(Excerpts from a dataset)
■ ■ ■ ■ ■ ■ ■

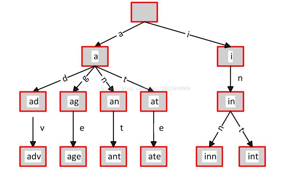 单词inn与单词int有共同的前缀“in”, 因此他们共享左边的一条分支,root->i->in。同理,ate, age, adv, 和ant共享前缀"a",所以他们共享从根节点到节点"a"的边。
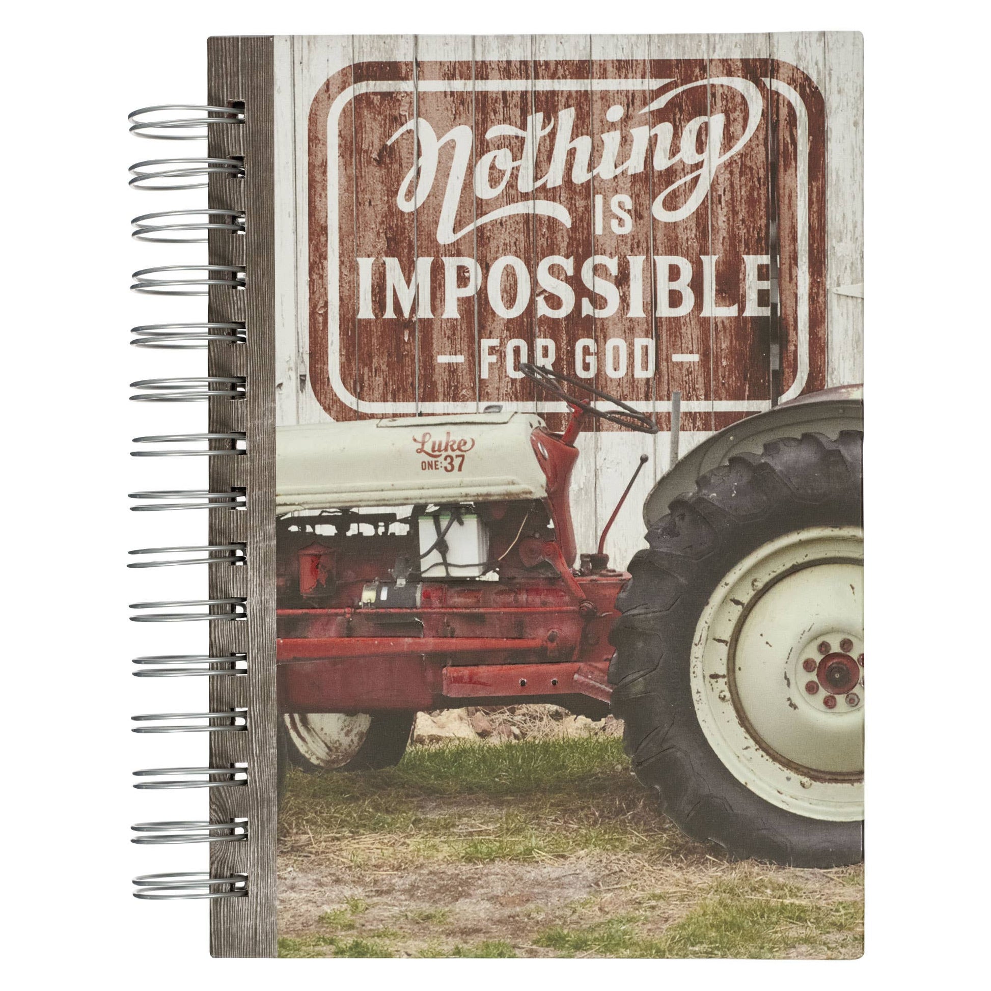 The Nothing is Impossible Red Tractor Wire-bound Journal blends nostalgia and faith to create a gift for a father or grandfather. The durable and practical wire-bound journal is perfect for daily reflections, and its design and sentiment will honor your loved one's heritage and faith journey. Pair with the matching key chain and gift bag for a complete gift.
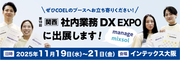 2025年11月19日(水)〜21日(金)に、インテックス大阪で行われるJapan DX Week(ジャパン DX ウィーク)内「社内業務DX EXPO」にて、manage・mixsolを出展します。
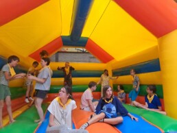 Vandaag startte onze dag met het knutselen van versieringen voor het trouwfeest. Ook de uitnodigingen werden gemaakt. In de namiddag kwam Cupido op bezoek. Hij had gezien dat het daten zo goed was meegevallen, dat hij besloot een pijl af te schieten en de romantiek naar boven te laten komen. We verzamelden een boeket zodat we niet met lege handen naar de volgende date moesten. Na het vieruurtje mochten we gaan zwemmen, wat was dat leuk! ‘s Avond mochten we ons uitleven op het luchtkussen. Moe, maar voldaan kropen we in ons bed.
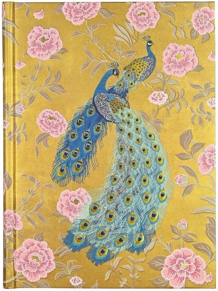 Elegancki notatnik marki Peter Pauper Press Wiktoriański Paw (Victorian Peacock) Okładka z motywem królewskich pawi, umieszczonych na złotym tle. Notatnik posiada okładkę zdobioną złotą folią i tłoczeniami oraz złocone brzegi stron. Szczegóły: okładka sztywna, wytłaczana, ze złotą folią notes jest zszywany złocone brzegi stron wewnątrz dopasowana kolorystycznie wstążka jako zakładka eleganckie wyklejki na początku i na końcu kartki wykonane z wysokiej jakości papieru bezkwasowego - niezwykle trwałe, z cechami gwarantującymi długi czas użytkowania gramatura 120 gsm zadruk w jasnoszare linie, dwustronny, na lekko kremowym papierze wymiary: 15,9 cm x 21,59 cm - format zbliżony do A5 ilość stron: 160
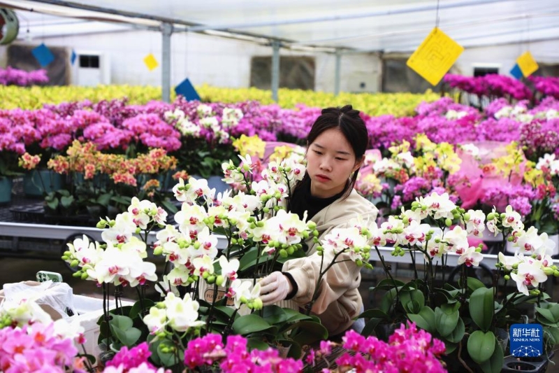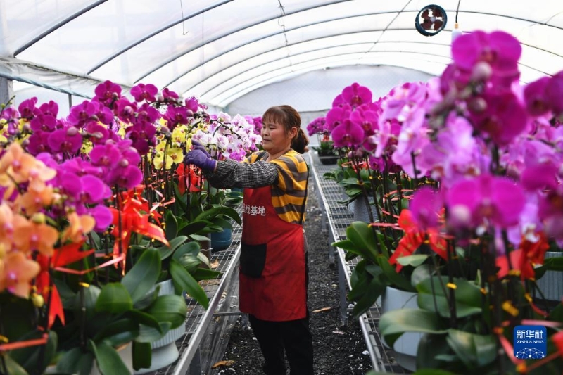 1月10日,在安徽省合肥市包河區(qū)大圩鎮(zhèn)一家花卉種植基地,工作人員在溫室大棚里打理蝴蝶蘭。

■ ■ ■ ■ ■ ■ ■

*PROBLEM:*
Copy every record above exactly, leaving out the pictures.

*OUTPUT OF THE EXERCISE:*
 单词inn与单词int有共同的前缀“in”, 因此他们共享左边的一条分支,root->i->in。同理,ate, age, adv, 和ant共享前缀"a",所以他们共享从根节点到节点"a"的边。
 The Nothing is Impossible Red Tractor Wire-bound Journal blends nostalgia and faith to create a gift for a father or grandfather. The durable and practical wire-bound journal is perfect for daily reflections, and its design and sentiment will honor your loved one's heritage and faith journey. Pair with the matching key chain and gift bag for a complete gift.
 2025年11月19日(水)〜21日(金)に、インテックス大阪で行われるJapan DX Week(ジャパン DX ウィーク)内「社内業務DX EXPO」にて、manage・mixsolを出展します。
 Vandaag startte onze dag met het knutselen van versieringen voor het trouwfeest. Ook de uitnodigingen werden gemaakt. In de namiddag kwam Cupido op bezoek. Hij had gezien dat het daten zo goed was meegevallen, dat hij besloot een pijl af te schieten en de romantiek naar boven te laten komen. We verzamelden een boeket zodat we niet met lege handen naar de volgende date moesten. Na het vieruurtje mochten we gaan zwemmen, wat was dat leuk! ‘s Avond mochten we ons uitleven op het luchtkussen. Moe, maar voldaan kropen we in ons bed.
 Elegancki notatnik marki Peter Pauper Press Wiktoriański Paw (Victorian Peacock) Okładka z motywem królewskich pawi, umieszczonych na złotym tle. Notatnik posiada okładkę zdobioną złotą folią i tłoczeniami oraz złocone brzegi stron. Szczegóły: okładka sztywna, wytłaczana, ze złotą folią notes jest zszywany złocone brzegi stron wewnątrz dopasowana kolorystycznie wstążka jako zakładka eleganckie wyklejki na początku i na końcu kartki wykonane z wysokiej jakości papieru bezkwasowego - niezwykle trwałe, z cechami gwarantującymi długi czas użytkowania gramatura 120 gsm zadruk w jasnoszare linie, dwustronny, na lekko kremowym papierze wymiary: 15,9 cm x 21,59 cm - format zbliżony do A5 ilość stron: 160
 1月10日,在安徽省合肥市包河區(qū)大圩鎮(zhèn)一家花卉種植基地,工作人員在溫室大棚里打理蝴蝶蘭。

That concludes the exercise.